On Wed, May 3, 2023 at 12:25 AM Michal Hocko [off-list ref] wrote:

On Mon 01-05-23 09:54:10, Suren Baghdasaryan wrote:

quoted

Memory allocation profiling infrastructure provides a low overhead
mechanism to make all kernel allocations in the system visible. It can be
used to monitor memory usage, track memory hotspots, detect memory leaks,
identify memory regressions.

To keep the overhead to the minimum, we record only allocation sizes for
every allocation in the codebase. With that information, if users are
interested in more detailed context for a specific allocation, they can
enable in-depth context tracking, which includes capturing the pid, tgid,
task name, allocation size, timestamp and call stack for every allocation
at the specified code location.

[...]

quoted

Implementation utilizes a more generic concept of code tagging, introduced
as part of this patchset. Code tag is a structure identifying a specific
location in the source code which is generated at compile time and can be
embedded in an application-specific structure. A number of applications
for code tagging have been presented in the original RFC [1].
Code tagging uses the old trick of "define a special elf section for
objects of a given type so that we can iterate over them at runtime" and
creates a proper library for it.

To profile memory allocations, we instrument page, slab and percpu
allocators to record total memory allocated in the associated code tag at
every allocation in the codebase. Every time an allocation is performed by
an instrumented allocator, the code tag at that location increments its
counter by allocation size. Every time the memory is freed the counter is
decremented. To decrement the counter upon freeing, allocated object needs
a reference to its code tag. Page allocators use page_ext to record this
reference while slab allocators use memcg_data (renamed into more generic
slabobj_ext) of the slab page.

[...]

quoted

[1] https://lore.kernel.org/all/20220830214919.53220-1-surenb@google.com/ (local)

[...]

quoted

 70 files changed, 2765 insertions(+), 554 deletions(-)

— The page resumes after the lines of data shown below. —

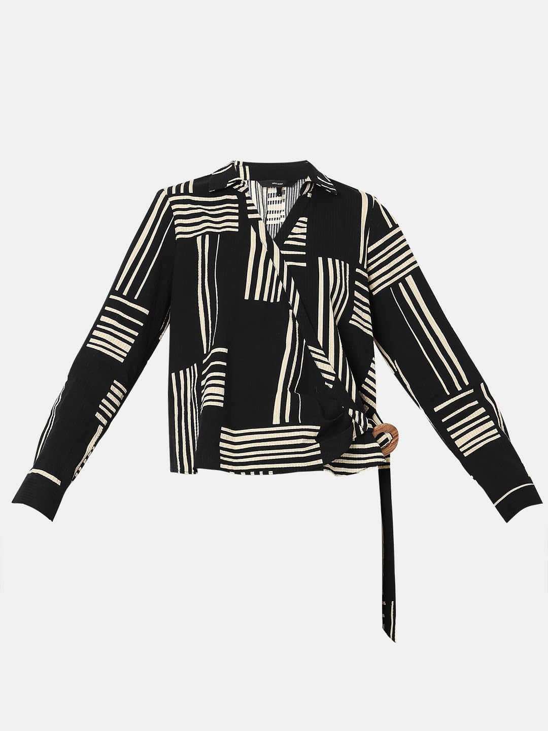 Black and beige printed front wrap top designed with wooden button trim as side and 3/4th sleeves. Offers a regular fit, and length falls at hip. Pair it with our matching pants and brown heels for a chic look.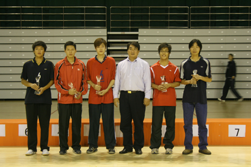 本网讯 12月28日下午, 2007年广东省大学生排球联赛在我校南校区体育馆落下帷幕。经过五天的激烈角逐,华南师范大学和广东金融大学分获男女高水平组冠军,而广东工业大学则包揽了男女普通组的两枚金牌。中山大学东校区党委书记袁焕标、我校副校长陈子锐、广东省大学生体育联合会副主席孙武出席了颁奖仪式并为获奖队伍颁奖。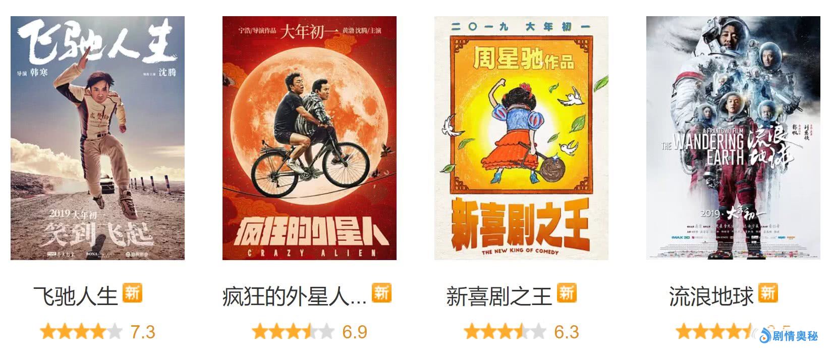 目前,春节档大片评分均出炉了,这4部电影的评分也相继出来了,在豆瓣电影上,《疯狂的外星人》 评分6.9分,《飞驰人生》评分7.3分,《新喜剧之王》评分6.3分,《流浪地球》评分8.5分。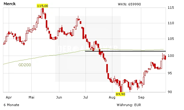 Die Aktie von Merck hat zuletzt eine große Aufholjagd gestartet, nachdem das Papier seit Ende Juni förmlich nach unten durchgereicht wurde. Dabei gelang es der Aktie sogar, die 100-Euro-Marke kurzzeitig zurückzuerobern. Ein wirklicher Ausbruch darüber sowie über die knapp darüber verlaufende 200-Tage-Linie ist allerdings bislang nicht gelungen. Erst ein Sprung darüber würde ein positives charttechnisches Signal liefern.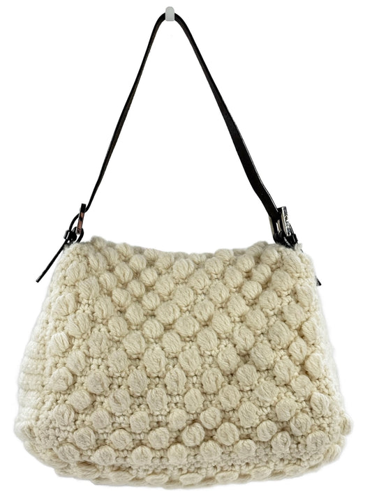 Fendi Vintage Ivory Crochet Knit Mamma Shoulder Baguette Bag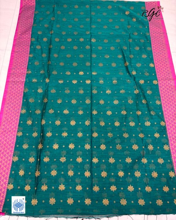 Greenish Blue Handloom Premium Acrylic Buti Jamdani Saree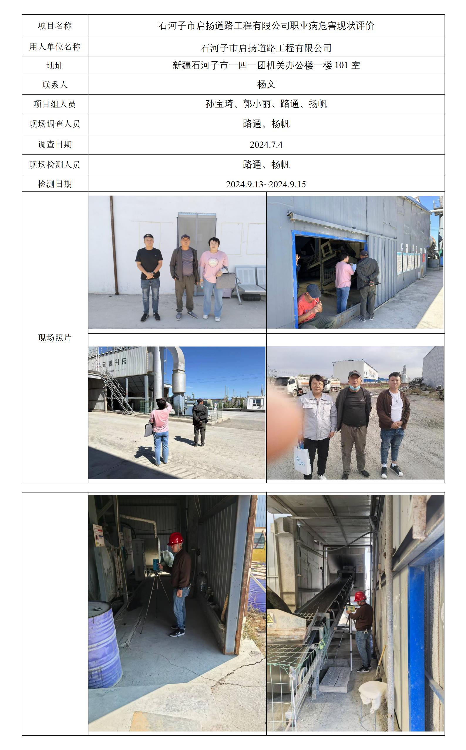 石河子市启扬道路工程有限公司职业病危害现状评价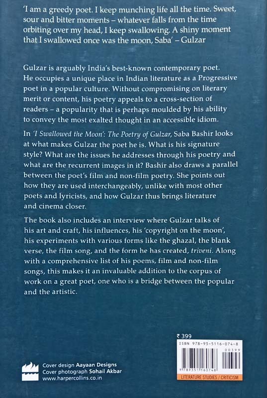 Gulzar is arguably the most well known contemporary poet writing in Hindustani. As a poet he occupies a unique place being a Progressive poet in a popular culture. His poetry appeals to all strata of society, without compromising either on literary merit or on its ability to convey the most exalted thought in an accessible idiom. In He Swallowed the Moon, Saba Bashir attempts to analyse what makes Gulzar the poet he is. What is his signature style? What are the issues that concern his poetry and what are the recurrent images in it? She also draws a parallel between the poets film and non-film poetry and points out how they are used interchangeably. Including the most comprehensive list of all Gulzars poems, film and non-film songs, this is a valuable addition to the corpus of work on a great poet.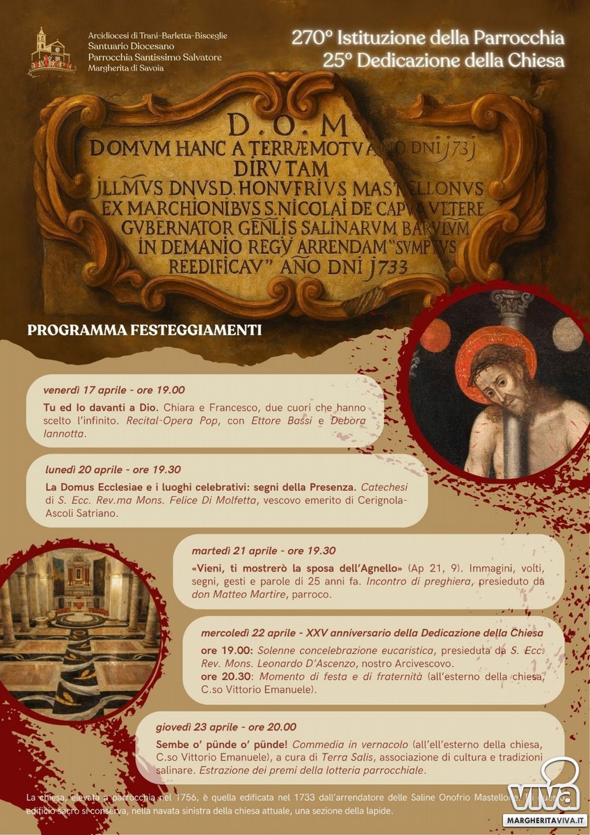 Il 22 aprile prossimo la parrocchia del Santissimo Salvatore celebra due anniversari straordinari: i 270 anni dall'istituzione della prima parrocchia salinara (1756), attestata dall'avvio dei registri dei battesimi, matrimoni ed esequie, e i 25 anni dalla Dedicazione della Chiesa (2001), al termine dei radicali lavori di adeguamento architettonico-liturgico del presbiterio e della pavimentazione.

Sorry for cutting the cover considerably but I believe I have quoted the
most important/interesting parts here. The approach is not fundamentally
different from the previous version [1] and there was a significant
discussion around this approach. The cover letter doesn't summarize nor
deal with concerns expressed previous AFAICS. So let me bring those up
back.

Thanks for summarizing!

At least those I find the most important:
- This is a big change and it adds a significant maintenance burden
  because each allocation entry point needs to be handled specifically.
  The cost will grow with the intended coverage especially there when
  allocation is hidden in a library code.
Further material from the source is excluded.